20080815 日本経済新聞 夕刊

 七月の米住宅着工件数が十九日に発表される。米国経済の最大のリスクとされ、世界的な金融不安の震源地でもある米住宅市場の先行きを占う意味で注目される。市場予想を大幅に下回れば、景気の不透明感は一段と強まり、「株売り・債券買い」につながる可能性がある。
 米国の信用力の低い個人向け住宅融資(サブプライムローン)問題が表面化した二〇〇七年夏以降、着工件数は減少基調が鮮明だ。今年に入って百万戸を下回る月も増え、五月は九十七万七千戸と約十七年ぶりの低水準となった。
 六月は百六万六千戸と増加に転じたが、七月にニューヨークの集合住宅の建築基準が変わる前の駆け込み需要が原因とみられる。
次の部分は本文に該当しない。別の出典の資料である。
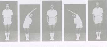 (ii) Swing the trunk laterally to the right, then down, left and upward describing a complete circle to finish with the trunk bent laterally to the right. Breathe out while moving downward and breathe in while moving upward. Repeat on the other side.
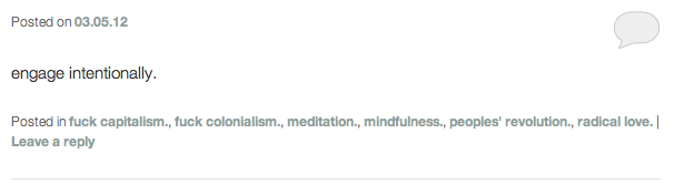 Huli’s subtitle tells no lies: there are three posts on this blog, and only two of them have words. But they are very good posts — the two essays rich with clear argument and emotional intelligence — about struggle in Oakland and on Kauai (where she used to live and organize with native Hawai’ians). My offline relationship with Huli kind of mirrors her blog: quality over quantity. I see her only rarely, but every time I do, I come away with a bounty of challenging shit upon which to reflect.

全体の約六割を占める一戸建ては約五%減少した。
 七月については、再び百万戸を割り込むとの見方が多い。みずほ証券の上野泰也チーフマーケットエコノミストは九十五万戸と予想。六月の特殊要因がなくなるうえ「中古住宅の在庫増加や住宅価格下落で新規着工の伸びは期待しづらい」と指摘する。
 九十万戸とみる日興シティグループ証券の村嶋帰一エコノミストは「住宅ローンの融資基準を厳格化する動きが信用力の高い層にも広がっている」と言う。ローンが組めなければ販売は滞り、業者の在庫は増加して新規着工も抑えられる流れになる。
 米住宅公社の経営不安が表面化したが、「七月の着工件数に直接は影響しない」(三井住友アセットマネジメントの宅森昭吉チーフエコノミスト)との見方が大勢。いったん建築許可が下りた物件の建設が中止されることは考えにくい。ただ両公社が住宅ローン市場拡大に果たしてきた役割は大きく、中期的には影響が避けられない。
 景況感悪化のもう一つの原因だった原油価格の高騰は一服しつつあり、予想の平均値である九十万戸半ばであれば、目立った影響はなさそう。予想を大幅に下回るようなら米景気後退が改めて意識され、安全資産である債券を買って、リスク資産である株を売る動きが加速しそうだ。